What the exercise asks:
When writing out the entries below, keep only the lines from the line with "In order to" to the line with "Квартира: 2 к", both included, exactly as they are, and leave the pictures aside.

::: Given data :::

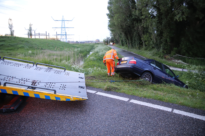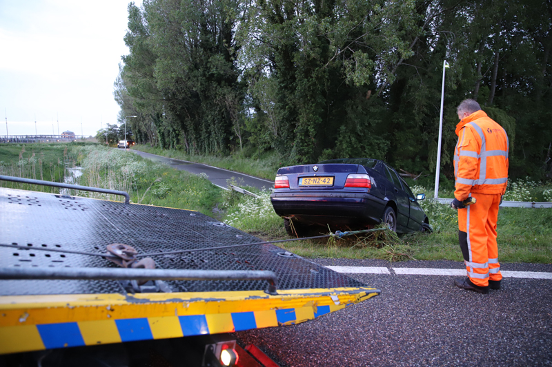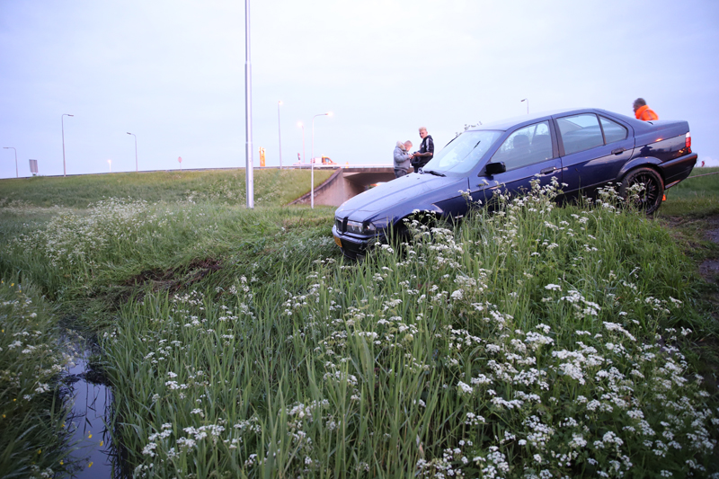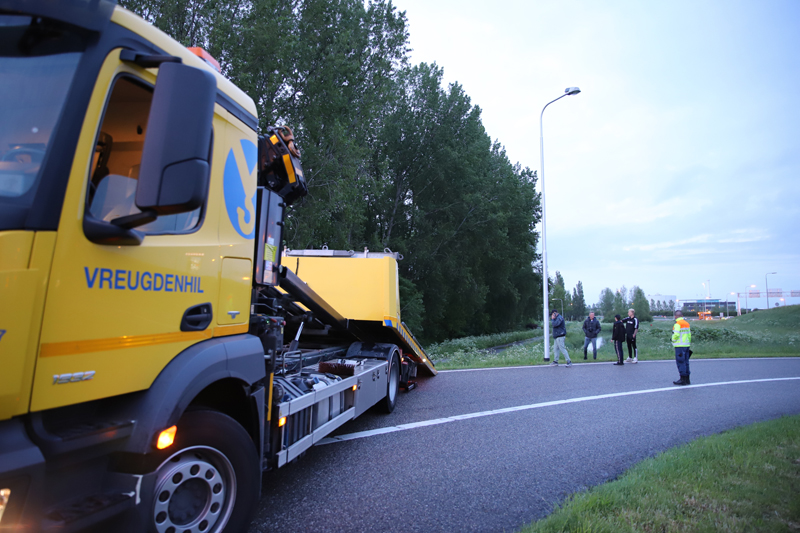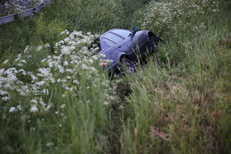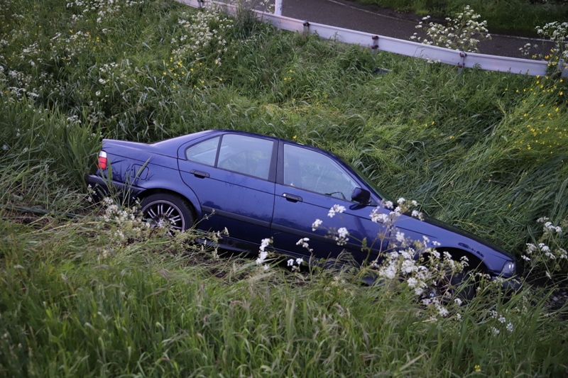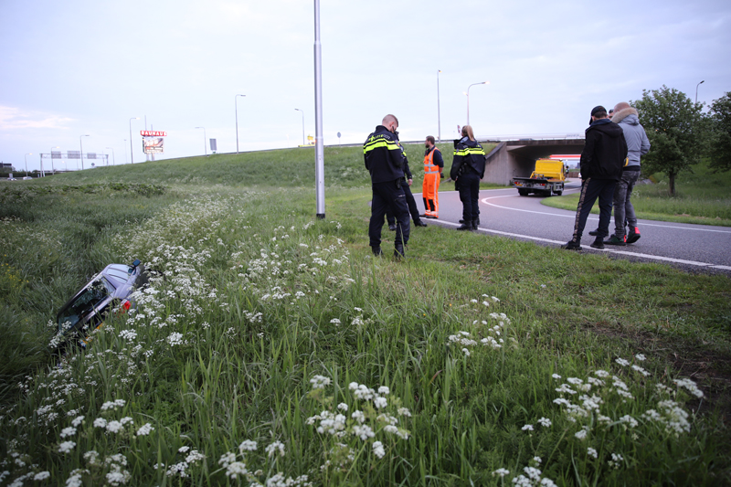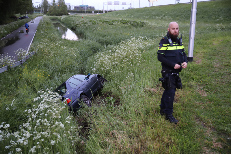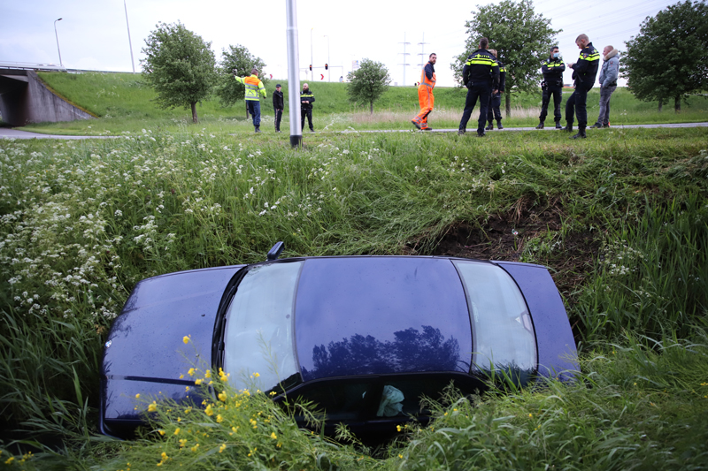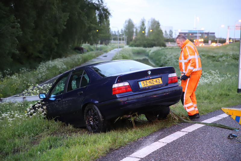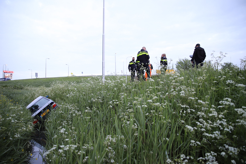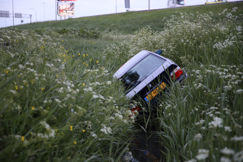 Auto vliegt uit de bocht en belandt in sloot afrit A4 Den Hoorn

:::
::: Given data :::

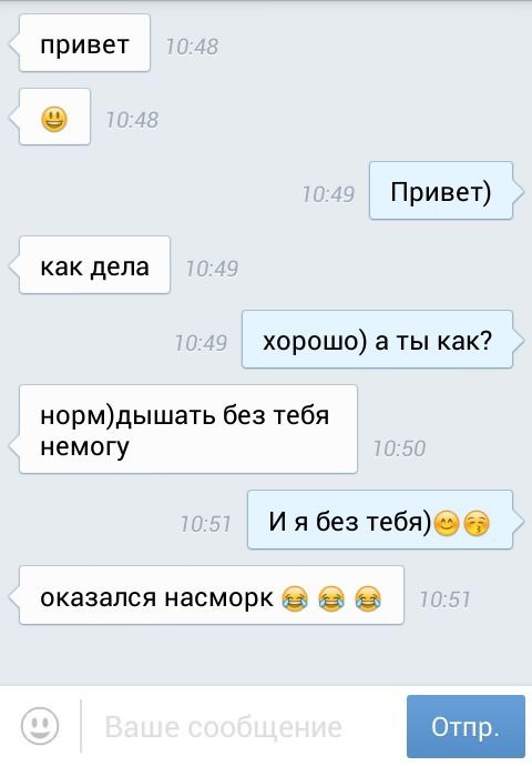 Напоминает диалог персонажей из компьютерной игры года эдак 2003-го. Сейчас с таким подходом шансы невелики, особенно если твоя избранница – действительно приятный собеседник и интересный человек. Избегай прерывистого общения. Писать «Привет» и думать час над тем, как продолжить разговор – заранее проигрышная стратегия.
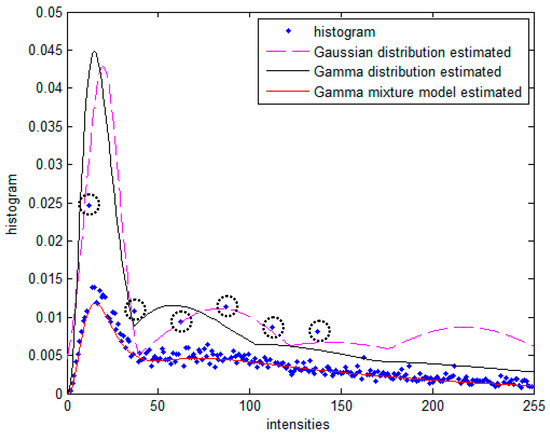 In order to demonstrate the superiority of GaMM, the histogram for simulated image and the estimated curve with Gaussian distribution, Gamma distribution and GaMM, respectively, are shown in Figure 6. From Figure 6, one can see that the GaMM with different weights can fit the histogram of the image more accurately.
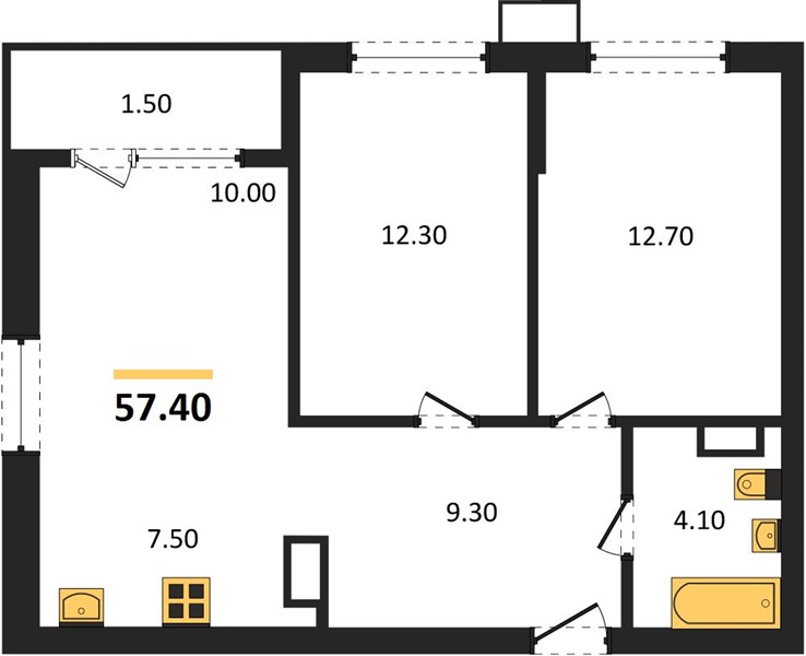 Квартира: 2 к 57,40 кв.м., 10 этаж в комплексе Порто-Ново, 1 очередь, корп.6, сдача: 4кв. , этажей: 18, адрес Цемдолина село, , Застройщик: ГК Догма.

:::

Output below:
 In order to demonstrate the superiority of GaMM, the histogram for simulated image and the estimated curve with Gaussian distribution, Gamma distribution and GaMM, respectively, are shown in Figure 6. From Figure 6, one can see that the GaMM with different weights can fit the histogram of the image more accurately.
 Квартира: 2 к 57,40 кв.м., 10 этаж в комплексе Порто-Ново, 1 очередь, корп.6, сдача: 4кв. , этажей: 18, адрес Цемдолина село, , Застройщик: ГК Догма.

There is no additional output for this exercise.